The steps from Step 2 to Step 7 are repeated a plurality of times, and the substrate holding frame body 10 in the 150-stage substrate holding frame body take-out portion 80 is sequentially loaded with substrates.

In a state where all the five stages of the substrate holding frames 10 have been removed from the substrate transfer apparatus 70, the frame transfer apparatus 50A holds the next five stages of the substrate holding frames 10, and the substrate transfer apparatus 70. , The substrates are placed one by one on the substrate holding frame 10 and transferred.

Thereafter, the steps 1) to 7) are repeated.

  The above is the process of placing the substrate on the substrate holding frame 10, but the substrate holding frame 10 integrated in multiple stages may be misaligned due to impact of transportation, etc. When the frame transport device 50A grips the substrate holding frame 10, when the position correction is not performed, the handle 15 of the substrate holding frame 10 cannot be gripped due to the position shift, or the position shift In some cases, the substrate is placed in a state where there is a defect or misalignment in the substrate transfer device 70, and the substrate may be damaged by subsequent conveyance. The position correction will be described later.
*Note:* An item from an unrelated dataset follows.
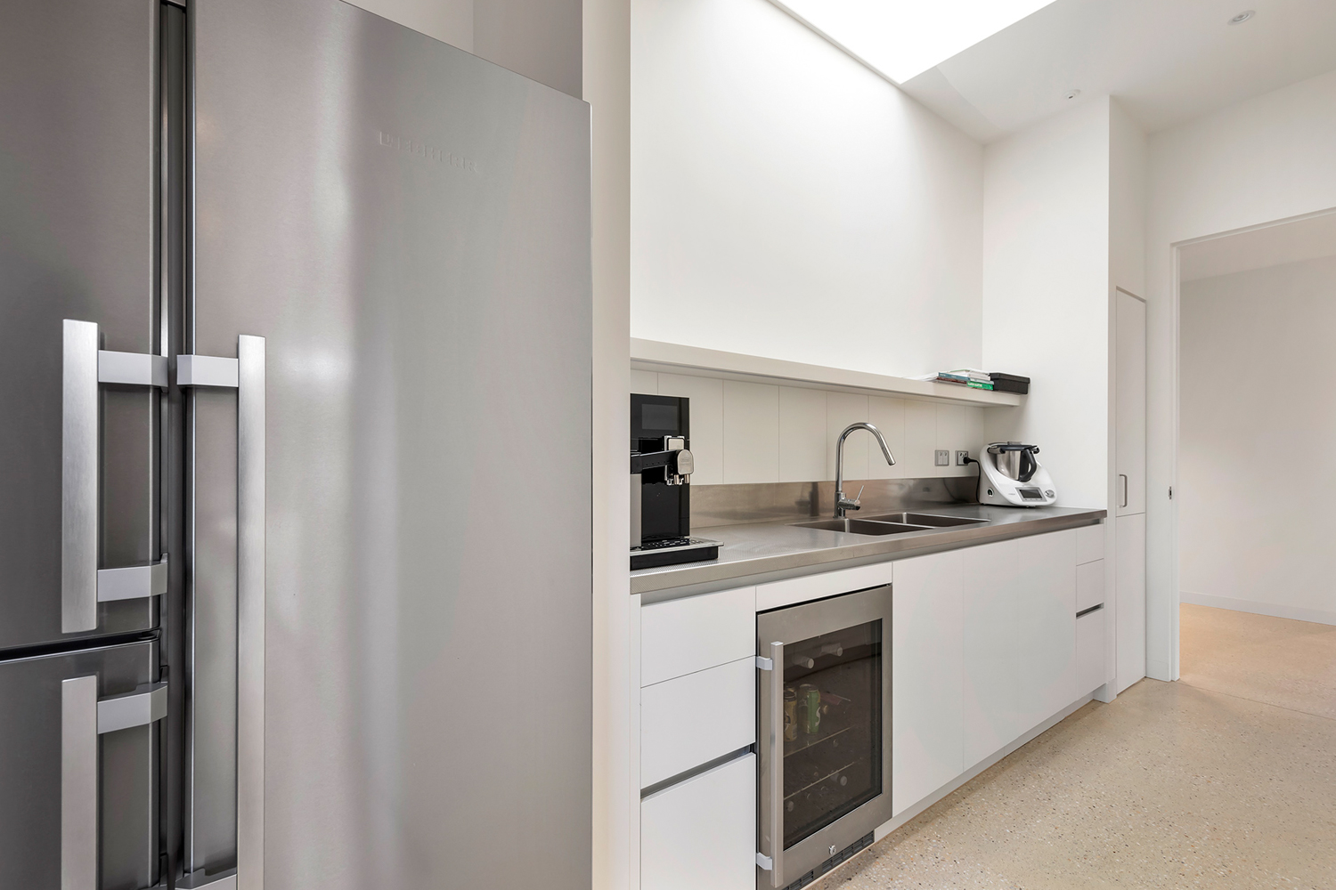 The site slopes by 2 metres from the back to the front. The floor level of the house was designed to be level with the back garden, which provided the opportunity for a large semi-basement that contains a 4-car garage, cellar, laundry, plant-room and storage for surfboards to accommodate the coastal lifestyle.

Next, (the process of conveying and stacking the substrate holding frame 10) will be described.

  On the substrate holding frame 10 on which the substrate is placed, the substrate holding frame 10 obtained in the same manner is brought into surface contact with the front and back of the metal frame portion 11 of the substrate holding frame 10. It is a process of stacking.

Hereinafter, it will be described in order from (Step 8) to (Step 11).

(Step 8) The robot hand portion 53 of the frame transport apparatus 50B that holds the substrate holding frame body 10 on which the substrate is placed is placed directly above the substrate delivery apparatus 70 from the substrate holding frame body stacking section (substrate (Mounted) Step of moving directly above 81.

(Step 9) The robot hand portion 53 holding the substrate holding frame 10 moves downward in the vertical direction and is stacked on the inner pallet 62 in the substrate holding frame stacking portion (substrate mounted) 81 or previously. A step of bringing the metal frame portion 11 of the substrate holding frame 10 into contact with the metal frame portion 11 of the obtained substrate holding frame 10 (substrate mounted).

(Step 10) The robot hand portion 53 holding the substrate holding frame 10 is moved further downward in the vertical direction to completely move the substrate holding frame 10 to the inner pallet 62 or the substrate holding frame 10. The process of stacking on top.

(Step 11) The frame gripping portion 535 of the robot hand portion 53 provided in the frame transport device 50B is removed from the substrate holding frame 10 and moved upward in the vertical direction for the next step. The process of waiting.

The steps 8) to 11) are repeated, and the substrate holding frame 10 is stacked on the substrate holding frame stacking unit 81. Since the positional deviation increases between 10, when the substrate holding frame 10 is stacked in a plurality of stages, the position of the substrate holding frame 10 is provided in the robot hand unit 53 of the frame transfer device 50B. A position correction step for detecting the position by the position detection sensor and correcting the position is introduced to prevent the occurrence of a conveyance failure.

Next, the above-described (position correction step introduction frequency) will be described.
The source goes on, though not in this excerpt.